Background: Rare diseases are defined as diseases that affect fewer than 200,000 individuals in the United States. When all rare diseases are combined, an estimated 15 million children in the United States have a rare disease. Research to improve treatment and support for these patients is hindered by small numbers of individuals with each disease and the variability of symptoms within and between diseases. Despite these differences, shared experiences of rare disease in children suggest that there may be overarching goals for families impacted by rare disease and that these may be addressed through patient-centered outcomes research (PCOR).
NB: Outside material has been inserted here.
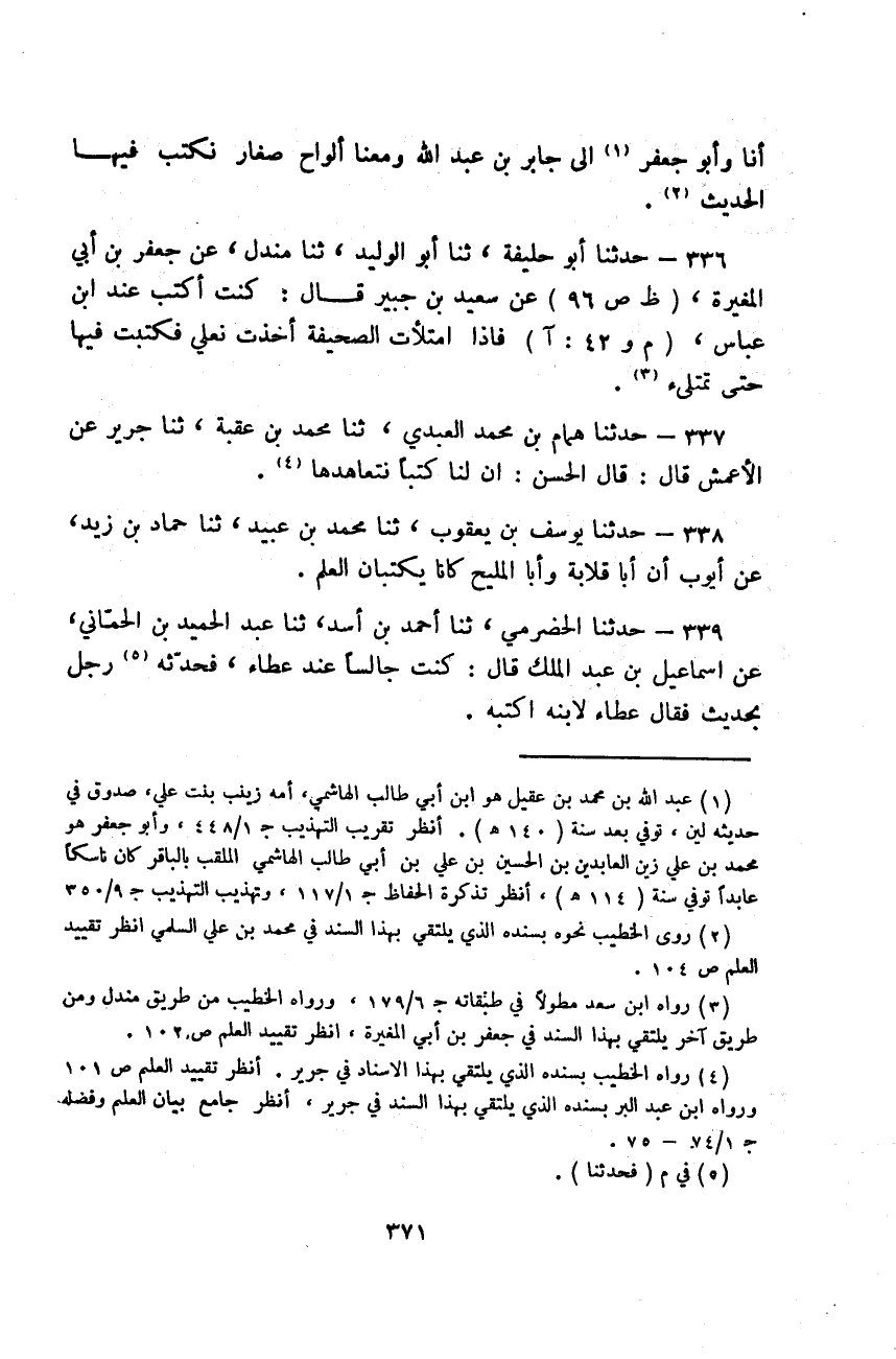 حَدَّثَنَا أَبُو خَلِيفَةَ، ثَنَا أَبُو الْوَلِيدِ، ثَنَا مِنْدَلٌ، عَنْ جَعْفَرِ بْنِ أَبِي الْمُغِيرَةِ، عَنْ سَعِيدِ بْنِ جُبَيْرٍ قَالَ: «كُنْتُ أَكْتُبُ عِنْدَ ابْنِ عَبَّاسٍ، §فَإِذَا امْتَلَأَتِ الصَّحِيفَةُ أَخَذْتُ نَعْلِي فَكَتَبْتُ فِيهَا حَتَّى تَمْتَلِئَ»

Proposed Solution to the Problem: The project team is proposing the engagement of patients and parents impacted by rare diseases and clinicians and researchers who work in rare disease to identify shared PCOR priorities for research across the rare disease community. This is made feasible through partnerships and resources available in Genomic Answers for Kids, a genomic research repository for rare disease at the Children’s Mercy Hospital in Kansas City, Missouri.
Objectives: The team will engage patients and parents of children with rare diseases, clinicians, and researchers to identify shared priorities for and barriers to PCOR focused on ethical, legal, and social issues (ELSI) around living with rare disease and rare disease research.
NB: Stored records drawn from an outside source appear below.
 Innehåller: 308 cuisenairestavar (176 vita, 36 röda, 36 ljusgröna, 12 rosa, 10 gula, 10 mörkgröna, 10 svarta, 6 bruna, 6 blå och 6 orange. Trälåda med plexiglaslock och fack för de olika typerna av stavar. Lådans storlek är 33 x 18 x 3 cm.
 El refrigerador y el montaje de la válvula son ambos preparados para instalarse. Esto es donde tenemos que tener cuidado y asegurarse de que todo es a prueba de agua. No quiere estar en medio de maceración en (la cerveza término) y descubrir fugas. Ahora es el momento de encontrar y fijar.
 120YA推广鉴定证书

Activities: The project will build a stakeholder collaborative (SC) of patients and parents impacted by rare disease and clinicians and researchers who care for and research rare diseases. The SC will be trained in PCOR, comparative effectiveness research (CER), and ELSI research in rare disease and genomics, then will conduct listening sessions to identify shared priorities for PCOR around ELSI in 150 diverse patients and parents impacted by rare diseases. The information from these listening sessions will be used to develop a research agenda that can guide PCOR across pediatric rare disease groups.
Projected Outcomes and Outputs: Establishment of SC, development of manuals and processes for engaging stakeholders in PCOR and training of a representative group of patients, parents, clinicians, and researchers who are stakeholders in rare disease research on PCOR goals and methods. The SC will generate a listening session process and discussion guide that will be shared as a PCORI engagement tool. They will also publish a report in the academic literature describing the SC collaboration, the methodology of the listening sessions, and shared PCOR priorities and barriers identified as examples of using the strategy across disease groups. The final SC output will be a research agenda to guide ELSI-related PCOR in GA4K and pediatric rare disease research.
Patient and Stakeholder Engagement Plan: This project will include in-depth collaboration with one lead parent advocate and with all 20 members of the stakeholder collaborative (SC). In addition, broader but less intensive engagement with listening session participants will allow for more diverse representation of the rare disease community in the project.
Project Collaborators: The team is partnering with RareKC, a local organization that works with individuals and disease-specific advocacy groups to elevate their voices and identify common priorities. RareKC will work with the project team to identify members for the SC and share information about listening sessions. The Children’s Mercy Patient and Family Engagement Program will also support the identification of SC members and listening session participants. Representation of ethnic diversity in the SC and listening sessions will be supported by Children’s Mercy clinicians caring for diverse populations of rare disease patients and by Tamara Falicov, PhD, a local community-based researcher in the Latinx community.